For purposes of simplicity, I will avoid introducing Newcomb’s paradox, or any of the various philosophical issues surrounding it. I will also shamelessly avoid the issue of a perfect predictor; any perfect predictor of Turing machines in general seems to require a halting oracle, and the paradox should still work if you just use an ordinary human who has really good psychological knowledge and so can predict accurately 90% of the time.
The heart of Newcomb’s paradox is what Scott Aaronson calls first-order rationality: a case where utility is attached to beliefs directly, rather than attaching only to actions which flow from beliefs. As an extremely simple example of first-order rationality, if you have a letter in a sealed envelope which you strongly believe to be both accurate and surprising, and someone points a gun at you and tells you they’ll shoot you if you open it, you probably shouldn’t, even though you’ll predictably end up with less accurate beliefs. It seems that you can’t get a human to genuinely disbelieve in something they already know to be true without introducing other… issues, which leads to a great deal of confusion, but any human with reasonably unimpaired cognition should have little trouble avoiding a bullet in the previous scenario.

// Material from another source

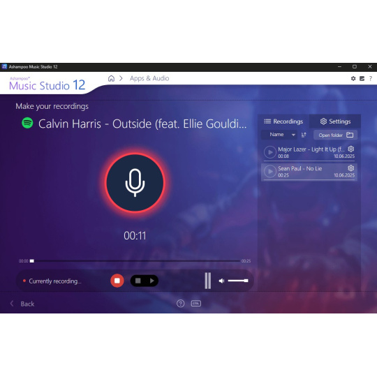 Máte dlouhý seznam nahrávek? Žádný problém! Nový a vylepšený seznam nahrávek v aplikaci Music Studio 12 zobrazuje všechny klíčové informace na první pohled a působí mnohem efektivněji. Nahrávky nyní můžete řadit podle názvu, data nebo délky trvání – vzestupně nebo sestupně. Takto vždy najdete přesně to, co hledáte, bez ohledu na to, jak velká je vaše sbírka.
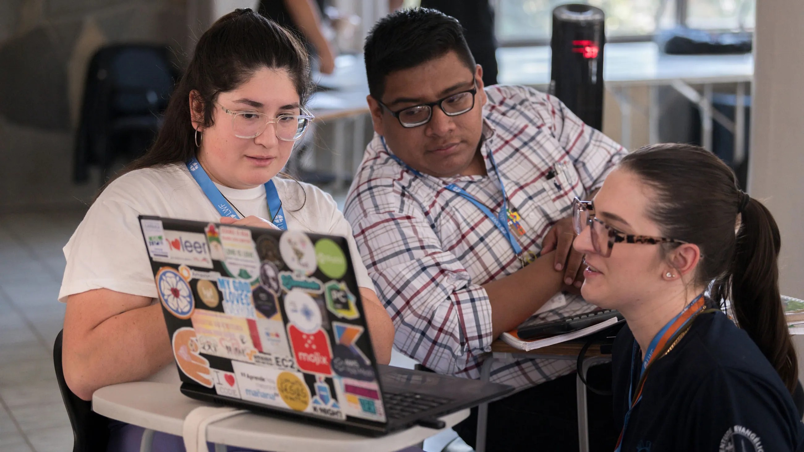 Rocio Choque (links) von der Vereinigten Evangelisch-Lutherischen Kirche in Argentinien im Gespräch mit Rodolfo Catunta Uturunco (Mitte) von der Bolivianischen Evangelisch-Lutherischen Kirche und Isabella Reimann Gnas (rechts), der LWB-Vizepräsidentin für die Region Lateinamerika und die Karibik. Foto: LWB/Albin Hillert

If a human is deciding whether to put $1M in the box, the obvious thing to do is to try to influence the human in some way… to shine a light in their eyes, or inject them with morphine, or weave wonderful tales about what you would do with the $1M, etc., etc. By act of magic, none of these work, and the only thing that the human considers is the predicted result of your cognitive algorithm for how many boxes to take- the only way to influence the future is through the dependence on currently held ideas. Which currently held ideas would be best?
It seems that a reasonably good solution is to evaluate the problem using a meta-algorithm; evaluate the potential cognitive algorithms available and see which one produces the best result. A mind with a one-box algorithm will predictably receive $1M, while a mind with a two-box algorithm will predictably not receive $1M. The direct consequences- the ones which depend on external actions directly- are $1K in favor of two-boxing. But the indirect consequences, which depend directly on which algorithm you use, are $1M in favor of one-boxing, far outweighing the $1K even with some uncertainty added.
A meta-algorithm should be able to beat any paradox which directly rewards arbitrary cognitive content, eg., Kavka’s toxin puzzleмебели. The other problem with the puzzle is that it would be difficult for a human (although not an AI) to implement an algorithm which actually results in them drinking the toxin, rather than a pseudo-algorithm under which they “intend” to drink it (for various definitions of intent) but actually won’t. This is easily fixable in principle, eg., by rigging a time bomb to the toxin which will explode and kill you if you don’t consume it. The ideal meta-algorithm is fully self-consistent over time, by selecting an algorithm which prefers X and then actually doing X, so it should be able to handle even a perfect predictor by avoiding deliberate deception.
First-order rationality is also applicable to game theory, eg., the Prisoner’s Dilemma, or even the True Prisoner’s Dilemma. Assuming that the two players know something about each other, selecting an algorithm which cooperates always has the direct effect of losing points, but it may also have the indirect effect of gaining points by increasing the probability that the other player will cooperate. Since the goodness comes from the indirect effects, which are still real but dependent on the other player’s algorithms, I dispute Eliezer’s assertion that one can always find a way to cooperate- if the other player is simply a rock which will fall off a shelf and land on the DEFECT button, it would be criminal stupidity to not also “defect”.